Tuesday, June 23, 2009

Tower of Power Live Set Unearthed

Funk. When it was new, the form had enormous power and the ability to liberate rhythm to a higher level of intensity. When I think of the music, I think especially of three bands. Of course there was James Brown and his associates. What he did from, say, 1964 through 1970 was to almost single-handedly transform the function of the rhythm section and the riffs that lay on top of that. Listen to "Papa's Got A Brand New Bag" with a fresh ear and you'll hear a landmark of the music.

Second, there was Funkadelic, who stretched the form and added new dimensions to what was supposed to be done. There were other bands too of course. But the third one that sticks out in my head is Tower of Power. Through a series of albums beginning with East Bay Grease through to Drop it in the Slot in the mid-'70s, they crafted incredibly tight arrangements that let the rhythm instruments groove freely. And those horns, they just were the best around for precision funkifying.

Now perhaps that kind of music has gotten a little tired. Blame disco, bad radio, blame endless luke-warm "jazz" performances by less-than-committed musicians that made funk into a commodity. (Now we aren't talking about Miles Davis here, he would be a fourth choice for funk innovators.) When you hear the music the way it was played in its prime moment, though, the excitement and vibrancy comes back again, provided you open yourself up to it.
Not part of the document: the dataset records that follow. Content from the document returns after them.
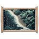 Serene Shores: This stunning top-down illustration captures the harmony of land and sea, featuring waves gently breaking on sandy beaches with lush green mountains in the background. Rendered in soothing shades of dark blue-green, the artwork evokes a sense of tranquility and balance. The intricate detail of the ocean’s patterns meeting the shore, paired with the trees lining the water’s edge, enhances the peaceful atmosphere. Created in a woodcut print style with simple lines and a flat design, the piece is reminiscent of hand-drawn animation, offering a timeless, serene depiction of nature’s beauty.
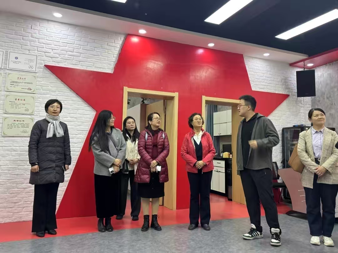 首先,“幸福微影社”首任社长姜旭博士带领韦教授等9人参观了“融媒体与新时代高校思政课微电影教学基地”成果展示室、微影创作室、全国名师工作室,详细介绍了“基地”的建设情况。
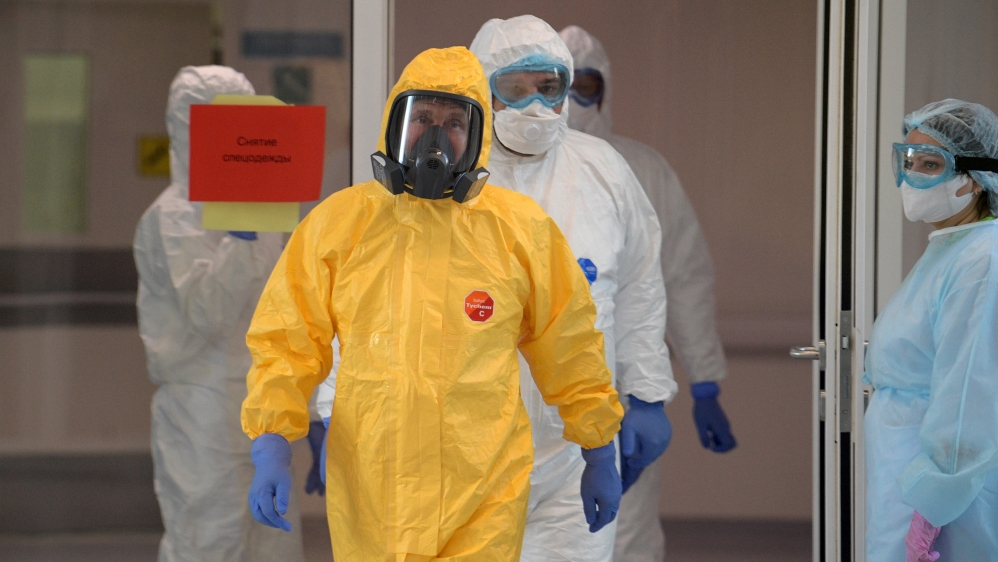Russian President Vladimir Putin wearing protective gear walks at a hospital for patients infected with the coronavirus disease (COVID-19) on the outskirts of Moscow, Russia March 24, 2020 [Alexey Druzhinin/Kremlin/Sputnik via Reuters]
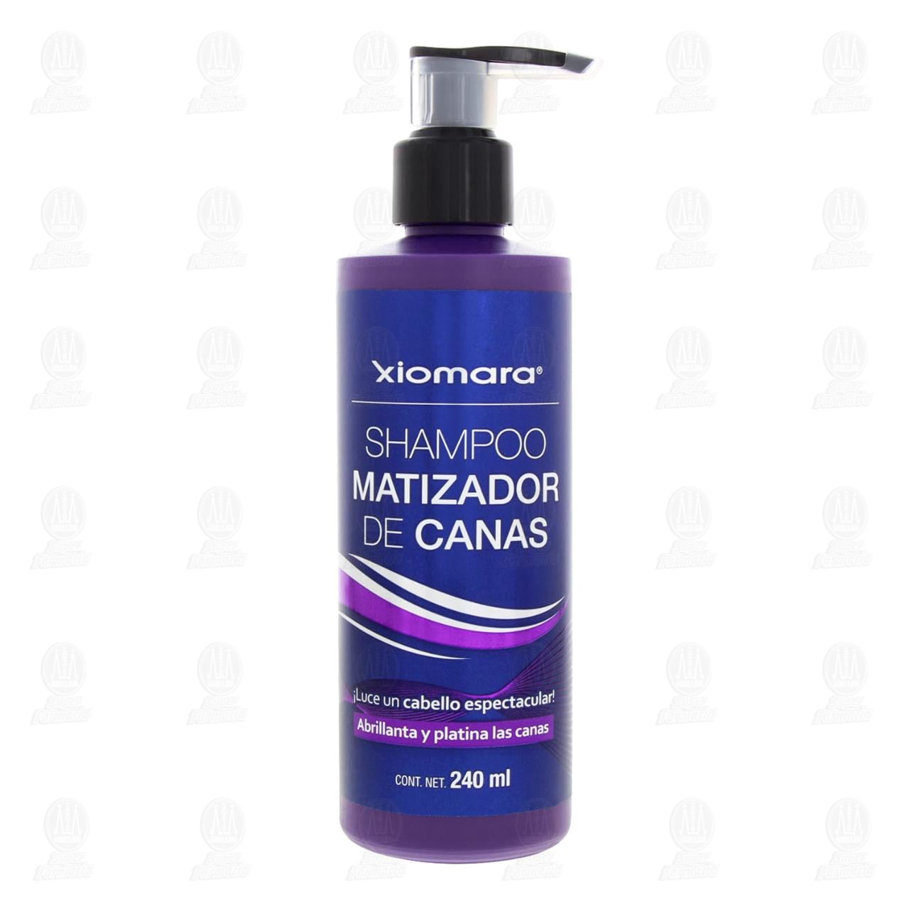 Shampoo Xiomara Matizador de Canas, aporta acondicionamiento y brillo, y da un efecto platinado a las canas. Envase con 240 mililitros.

Like with what we talk about today. Some 36 years after it was first captured on tape, TOP Records has released a two-CD set of Tower of Power live in a club in Boston, 1973. East Bay Archive, Volume One, brings the band onto your speakers as they sounded that evening. It is a quite decent recording, with a little bit of the room ambiance at play. They were on top of it. They play through their repertoire with just enough of the added adrenaline a live situation can bring out to make it a real pleasure to hear. There's a loose-tight contrast at play. The drummer propels the band a little harder than he might do in the studio, and the band responds with some spirited funk as only they could conjure.

It's a set the confirmed Tower of Power addict cannot pass up. And it's just plain old fun too.